Newsletter 143 May 2011
The first nights below the Lhotse Face
On Thursday morning, we were woken with a loud ‘Good morning’ by our kitchen staff pretending it was the usual wake up call. However, looking at my watch, it was different this morning as the team was shaken out of their sleep at 2am – one hour before they were due to leave base camp to go to Camp II. Shortly after the wake-up call, the climbers slowly crawled out of their sleeping bags and were greeted by a starry and calm night. “I know it might be clear out there but I just don’t want to leave my warm sleeping bag,” we heard Woody moan from his tent.
When we gathered in the mess tent at 2.30am, some of the team members were already eating porridge and drinking coffee while others where still faffing with their harnesses, boots or rucksacks. “I think there are more people seeing us off than actually going climbing,” Alan said looking at Ellen, Monica, Russell and I who did not shy the early morning hour and the cold to send the team off on their first trip through the icefall.
Slowly but surely everyone had arrived for breakfast, and at about 2.45am all members and guides were eating and drinking, trying to take in as many calories as possible before leaving base camp for the next six days. “Even though we think this is our last proper meal, this is not the case as we have two cooks at Camp II who will look after us during our time up there,” said Adrian.
After more dithering and adjusting harnesses, headlamps and boots, the 10 members and three guides left the Himalayan Experience base camp at 3am on the dot, looking strong and confident. “Fortunately they left on time, so the ‘leaving committee’ can go back to bed,” Monica yawned. Shortly after the group had departed, we heard the Sherpa team stomp through the camp – some of them were coming down the mountain and some of them were going up to Camp II with the team.
All of the members, guides and Sherpas are equipped with avalanche transceivers and radios and they are required to call in when they reach certain landmarks. ‘We want you to call once you get to Camp I and again when you leave Camp I and then when you finally reach Camp II,’ Russell ordered the group.
We received the first radio calls during the night and when Russell, Ellen, Monica and I gathered in the dining tent for breakfast at 8am, Adrian called down telling us that he had arrived at Camp II. “The conditions were perfect and Camp II is looking good,” he said. Over the next few hours, the other climbers trickled in and set up their temporary home for the next four nights. “We had a great three-course lunch and everyone is feeling good, even though a little tired,” Adrian called down.

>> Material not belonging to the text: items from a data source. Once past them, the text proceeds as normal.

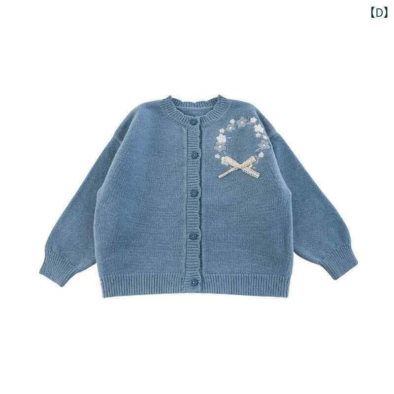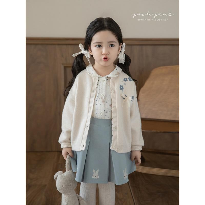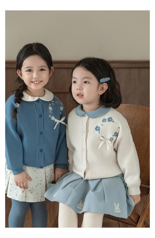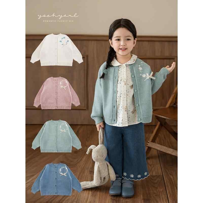 キッズ 女の子 ニットカーディガン 秋物 アクリル素材 花柄 立体リボン かわいい ゆったり ドロップショルダー カジュアル 柔らかい 長袖 丸首 前開き 通園 通学 羽織り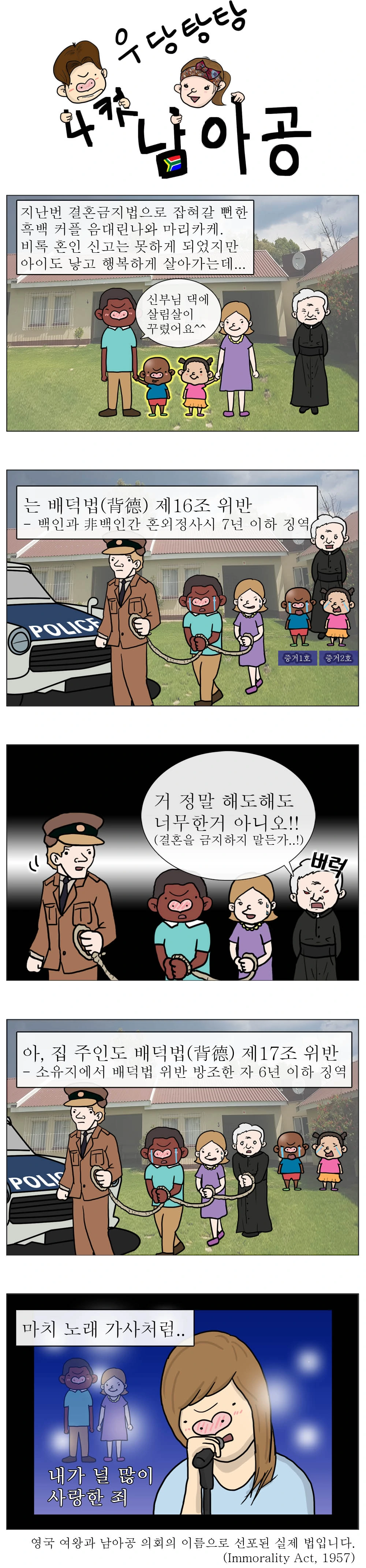 이번에 소개할 배덕법(Immorality Act)은 결혼금지법(Prohibition of Mixed Marrages Act)과 궤를 같이 하는 인종 분리 정책의 하나이다.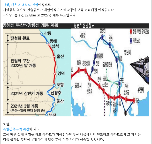 부전역 복합환승센터, 사상~해운대 대심도 등의 개발 호재가 함께 있습니다.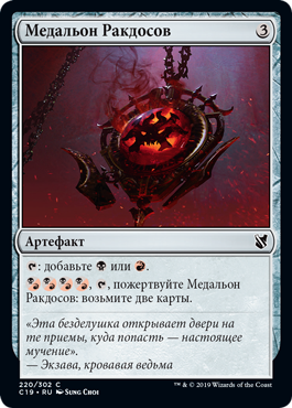 | Rules | : Add or . , , Sacrifice Rakdos Locket: Draw two cards. |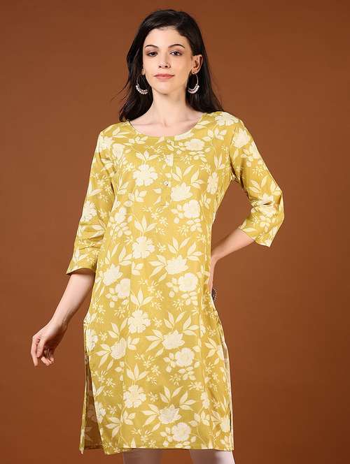 - Grab this beautiful kurta made up of rayon fabric featuring round neck designs.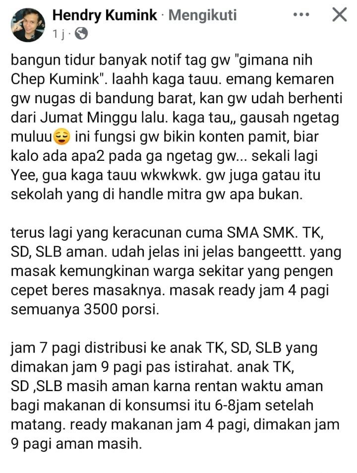 terus lagi yang keracunan cuma SMA SMK. TK, SD, SLB aman. udah jelas ini jelas bangeettt. yang masak kemungkinan warga sekitar yang pengen cepet beres masaknya. masak ready jam 4 pagi semuanya 3500 porsi.

While the team and some Sherpas are high up on the mountain, Russell, Monica, Ellen, I and a group of Sherpas cleaned and dried out the White Pod, washed laundry, wandered down to Gorak Shep to send some emails or, in Russell’s case, went to yet another rope fixing meeting at base camp. And as far as the Lhotse crew is concerned, they have finally arrived at Lobuche base camp, where they will stay for another two nights before they arrive at Everest base camp.